В кабинет входит профессор Цвики, женщина неопределенного возраста и неопределенной внешности. Декан вскакивает из-за стола, бросается ей навстречу: Декан. Прошу вас, профессор, очень рад вас видеть. Сюда, пожалуйста, в это кресло, вам здесь будет удобно.
Цвики, холодно поздоровавшись с деканом, садится в кресло. Декан садится за стол. Цвики резко поднимается со своего места. Немедленно вскакивает и декан. Цвики
опускается в кресло – садится декан. Цвики встает –  встает и декан.

Цвики. Позвольте узнать, сэр, почему вы встаете?
Декан (смущенно). Вы встаете, профессор, и я встаю.
Цвики. Вот именно! А почему? Затрудняетесь сказать, тогда я вам скажу: потому что я женщина, а женщине следует оказывать знаки уважения. Так ведь? Знаки внимания. Главное тут – знаки, то есть нечто условно-символическое, не передающее подлинного отношения к объекту. Это и есть квинтэссенция мужского шовинистического отношения к женщине: внешние знаки внимания и животное хамство по существу. Мистер Монтгомери, я говорю все это не в ваш адрес, разумеется, я пытаюсь изложить здесь политически правильный взгляд на известное вам происшествие на нашем кампусе. Именно так я это понимаю: вот вам знаки уважения – пальто подать или встать, когда дама встает, а вот вам член под окна. Знайте свое место!
Джонсон (сквозь смех). Член под окна... ха-ха... здорово!

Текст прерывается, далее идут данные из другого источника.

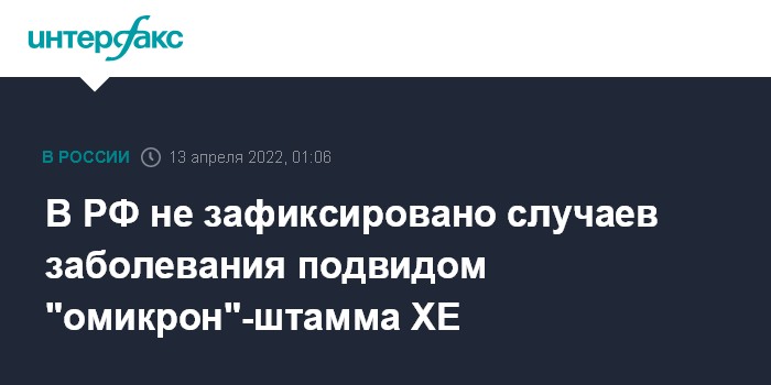 Москва. 13 апреля. INTERFAX.RU - В России в настоящее время не выявлено случаев заболевания вариантом XE - гибридом двух линий "омикрон"-штамма коронавируса, сообщил директор НИИ гриппа им. Смородинцева Минздрава России Дмитрий Лиознов.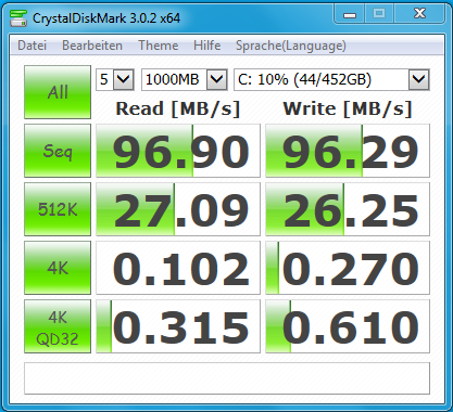 In unserem Testgerät werkelt eine Festplatte aus der Travelstar-Z5K500-Serie von Hitachi. Sie besitzt eine Kapazität von 500 GB und arbeitet mit 5.400 Umdrehungen pro Minute. CrystalDiskMark meldet eine Lesegeschwindigkeit von 96,9 MB/s. HD Tune liefert eine durchschnittliche Transferrate von 77,3 MB/s. Diese Werte gehen bei einer 5.400er-Festplatte in Ordnung. Etwas zu hoch fällt die Zugriffszeit mit 22,1 ms aus. Auch die 4k-read/write-Resultate können nicht überzeugen. Viele vergleichbare Festplatten liefern bessere Werte. Relevant sind diese Werte, da die meisten Daten in Blöcken mit einer Größe von 4 kb abgelegt werden. Das Edge E135 konnte noch mit einer deutlich schnelleren 7.200er-Festplatte aufwarten. Ein solches Modell hätten wir auch beim E145 erwartet.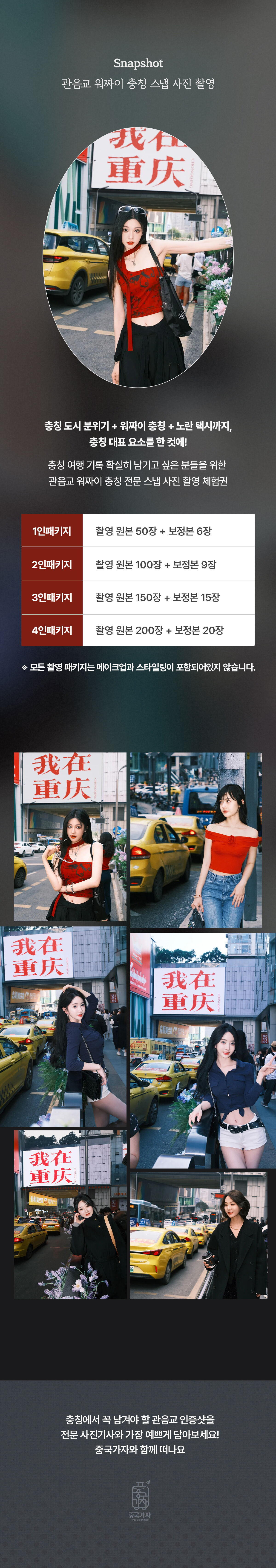 단순한 사진 촬영이 아니라, 충칭 여행의 ‘대표 장면’을 제대로 남기는 경험을 해보세요.

Декан. Профессор, я полностью, стопроцентно разделяю ваше возмущение этим отвратительным поступком. Подобное не может иметь место в нашем университете. Поверьте мне, профессор, будет сделано все возможное, чтобы найти и строго наказать виновных. Никакого снисхождения! Мы с мистером Джонсоном (вы знакомы с мистером Джонсоном?) неустанно над этим работаем.

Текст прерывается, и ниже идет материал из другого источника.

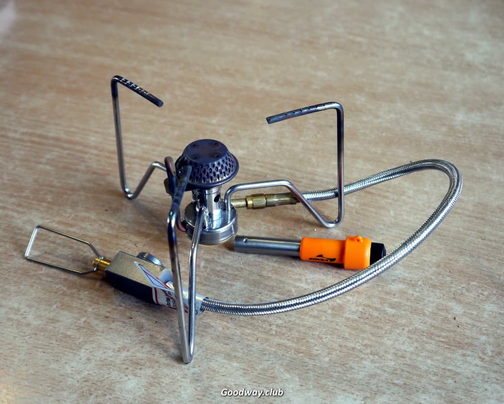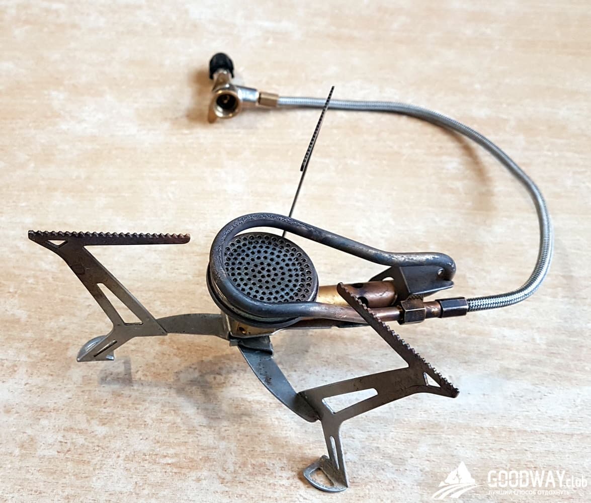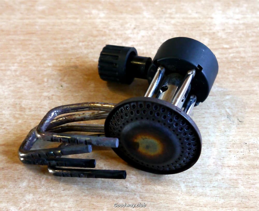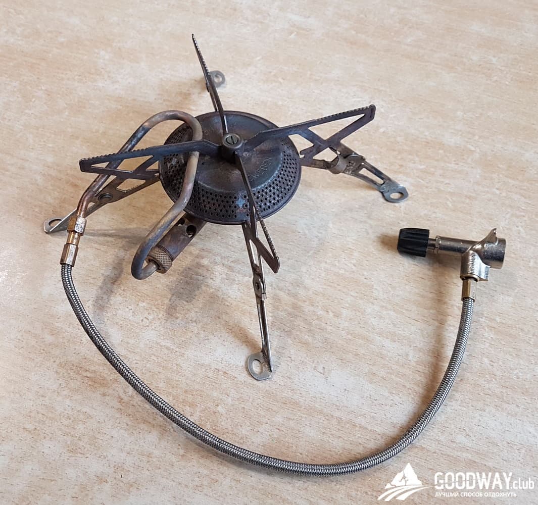 Через год использования сгорели стальные сетки в конфорке. Разобрал, поставил новые. Стало хуже, но работало. Потом начал травить шланг. В общем, горелка для 10 походов.

Цвики. Я надеюсь, вам удастся разобраться в этом деле, господа, но я хочу подчеркнуть, что наказать виновных – это недостаточно. Да, мистер Монтгомери, я затем сюда пришла, чтобы добиться большего, иначе мы и в будущем обречены видеть подобные выходки. Необходимы комплексные меры по изменению всей морально-политической атмосферы в университете. Такими мерами на первое время могло бы быть расширение занятий по женскому равноправию и положению женщины в обществе. Необходимо больше курсов, больше лекций, более высокие кредиты за эти предметы... Затем, я настаиваю на своей прежней идее: необходимо переоборудовать на кампусе туалетные комнаты, с тем чтобы они были одинаковы у мужчин и женщин. Одинаковые, то есть равные! Мужчины должны быть лишены этой привилегии – мочиться стоя. Медицина определенно утверждает, что никакой физиологической необходимости здесь нет, что мужчины могут превосходно мочиться сидя. Нетрудно понять, почему они настаивают на стоячей позиции: исключительно для того, чтобы унизить женщину, показать ей свое мнимое превосходство. С этим безобразием необходимо покончить!

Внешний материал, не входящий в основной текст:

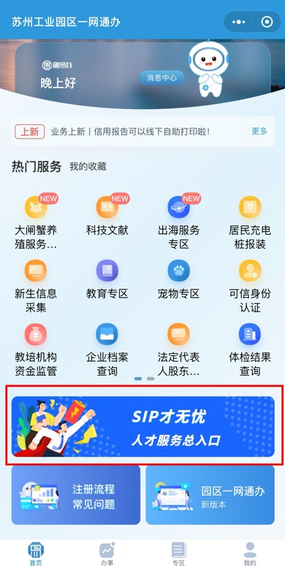 方式二:關(guān)注“蘇州工業(yè)園區(qū)發(fā)布”微信公眾號(hào),點(diǎn)擊下方“一網(wǎng)通辦”菜單欄,進(jìn)入后點(diǎn)擊“SIP才無憂”人才服務(wù)總?cè)肟凇?/p>

Декан. Ваши пожелания, профессор, будут несомненно приняты во внимание.
Цвики. Это слишком расплывчато. Мне бы хотелось услышать что-то более определенное. Декан. Я вас понимаю. Что касается расширения курсов по изучению положения женщины, то с будущего семестра мы...
Цвики. С будущего?
Декан. Но на этот семестр все программы составлены, расписания утверждены... Все поломать – нет, невозможно. Но в следующем семестре, я могу твердо обещать, будут расширены и введены...
Цвики (перебивая декана). А что насчет туалетов?
Декан (мнется, разводит руками, пожимает плечами). Видите ли, профессор, это вопрос не моей компетенции, то есть я хочу сказать, что это зависит не только от меня. Это вопрос строительства, капитального переоборудования. Тут нужны немалые деньги. Поймите меня правильно, профессор, я целиком «за», можете не сомневаться в моей поддержке, но как я сказал...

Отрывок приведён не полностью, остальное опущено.